# Specific 3D Printers, Scanners, & Hardware > Other 3D Printers / Scanners / Hardware > 3DMonstr Forum >  8 Cubic Feet?  How big is the printer?

## Lindros_bigE

How big is the 3DMonstr that prints builds up to 8 cubic feet?  Where the heck would I store it?

I'd love to be able to print things this big but I don't know how I would store and use it.  I imagine the printer is huge.

----------


## Compro01

> I imagine the printer is huge.


Their specified dimensions for the T-Rex 24 is 34" long, 36" wide, and 37" high and weighs in at 150lbs.

It folds down to 53" long, 36" wide, and 6" high.

----------


## RepRapOwner

What are the dimensions of the largest possible build size?

----------


## 3dm

> What are the dimensions of the largest possible build size?

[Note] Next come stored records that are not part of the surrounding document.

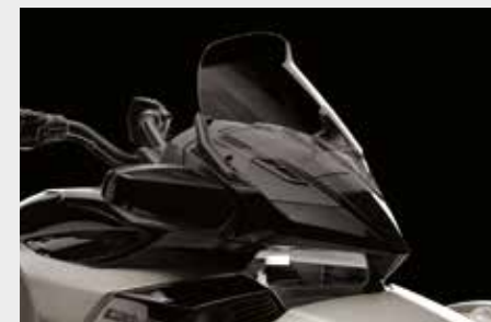
SPORT WINDSHIELD: Provides protection from the wind for improved comfort on the road.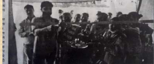
आवृत्तीत येथील सतर्कता सप्ताहनिमित्त आयोजित कार्यक्रमांला वेलदूर गावच्या महिलांला उत्स्फूर्त प्रतिसाद मिळाला. वेलदूर ग्रामपंचायतीच्या सभागृहामध्ये झालेल्या या कार्यक्रमांला परिमार्गदर्शन देणारा, बँक सखी, महिला बचत गट अध्यक्ष आदी स्तरावरील सुमारे ५० नेतृत्वशील महिला प्रतिनिधी उपस्थित होत्या.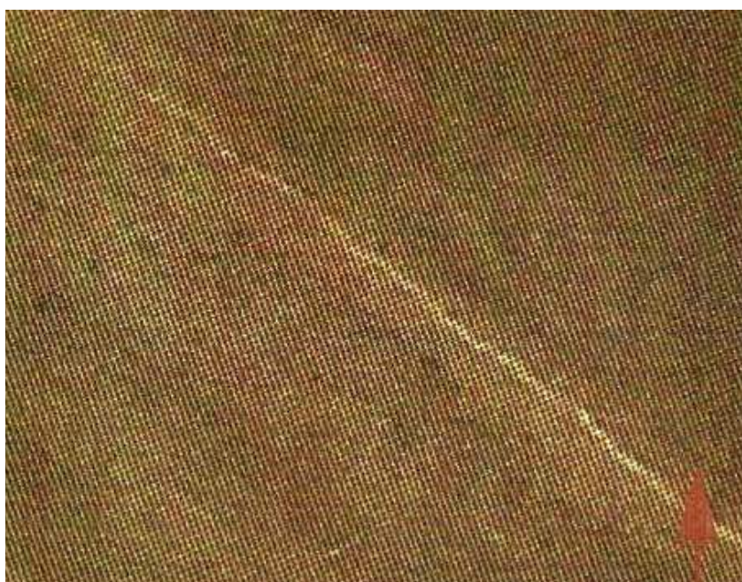
Plate 1- Planar laminated sandstone

Planar laminated sandstone. The lithofacies, planar laminated sandstone comprises fine to medium sand particles. It is moderately to well sorted, grey in colour and consists of planar grain lineation of coarse and medium grains which form laminae on foresets (Plate 1). The lithofacies is about 2cm to 4cm thick, it has an erosional relationship with overlying lithofacies coarse grained cross bedded sandstone and gradational relationship with underlying lithofacies wave rippled sandstone. However, very fine grains of mud are conspicuously absent and there is no presence of bioturbation activities in this lithofacies. In essence, it is an indication of high energy or shallow marine environments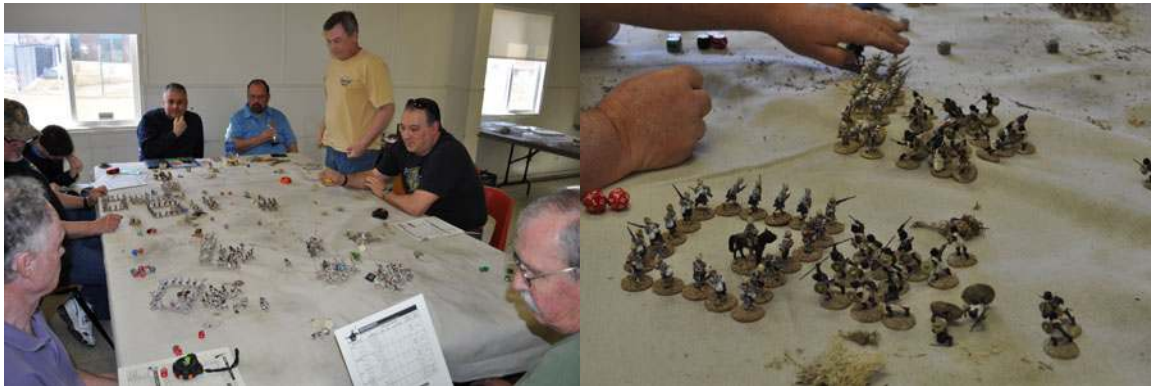
Game of the Month entry – The Sword and the Flame: Sudan Throwdown

Game of the Month Winner is highlighted in RED .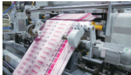
EPC automatic edge cutter device, color film can effectively align and adjust the trim size.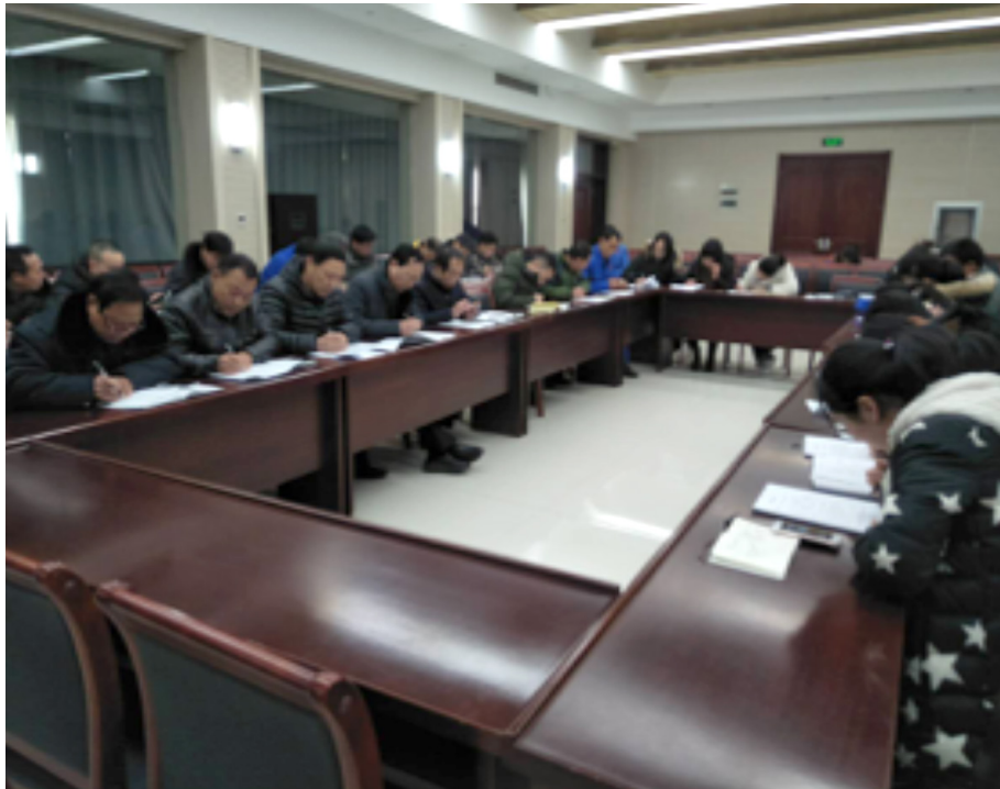
Fire safety knowledge training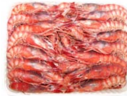
ZCIPS601 - 20 - 30 pc./kg. Rose Shrimp I 20-30pcs/kg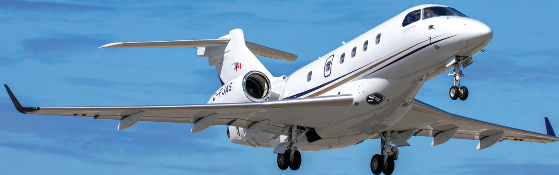
Embraer Legacy 450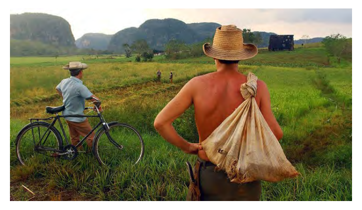
Agritourism grows in popularity as travelers look to experience local life.

Between 1997 and 2007, nature- and agricultural-based tourism was the fastest growing sector of the US travel and tourism industry.<sup>87</sup> Rural tourism growth in Europe is three times greater than the increase in tourism in general.<sup>88</sup>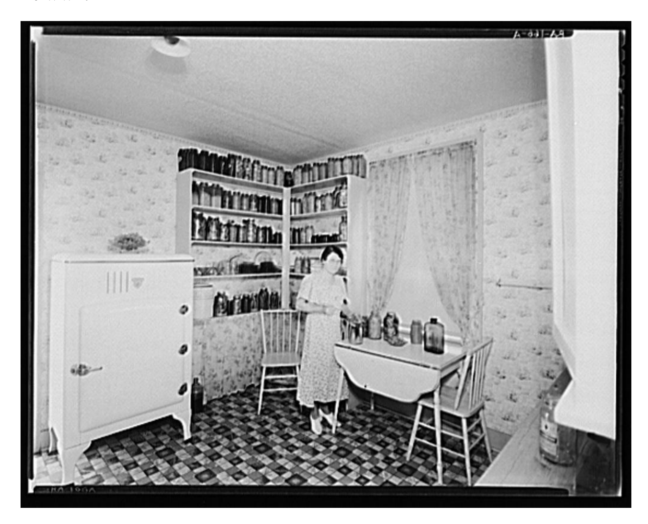
"Housewife canning, Dalworthington Gardens, Texas" - 1936

For many women whose occupation was to be a housewife, the kitchen was a key domestic sphere within their life. In addition to cooking and preparing the food for meals, they were also responsible for preparing preserves for the colder months of the year. The shelves behind her show that she had been quite productive in this process. Housewives spent most of their time within the home, while their husband went out to work and earn wages for the family.

There are three machines with the following build volumes:

T-Rex 12: 12" x 12" x 12"
T-Rex 18: 18" x 18" x 18"
T-Rex 24: 24" x 24" x 24"

Ben Reytblat

----------


## RepRapOwner

Wow Ben, those are some decent sizes.  May I ask what the actual dimensions of these machines are?

----------


## 3dm

> Wow Ben, those are some decent sizes.  May I ask what the actual dimensions of these machines are?


Thanks! Here's our page with all the dimensions:

http://3dmonstr.com/content/3dmonstr-specifications

----------


## postmahomeson

you can store it in a back of a pickup truck , or under your bed or something ( idk what truck or bed you have it's just a general rule of thumb)

----------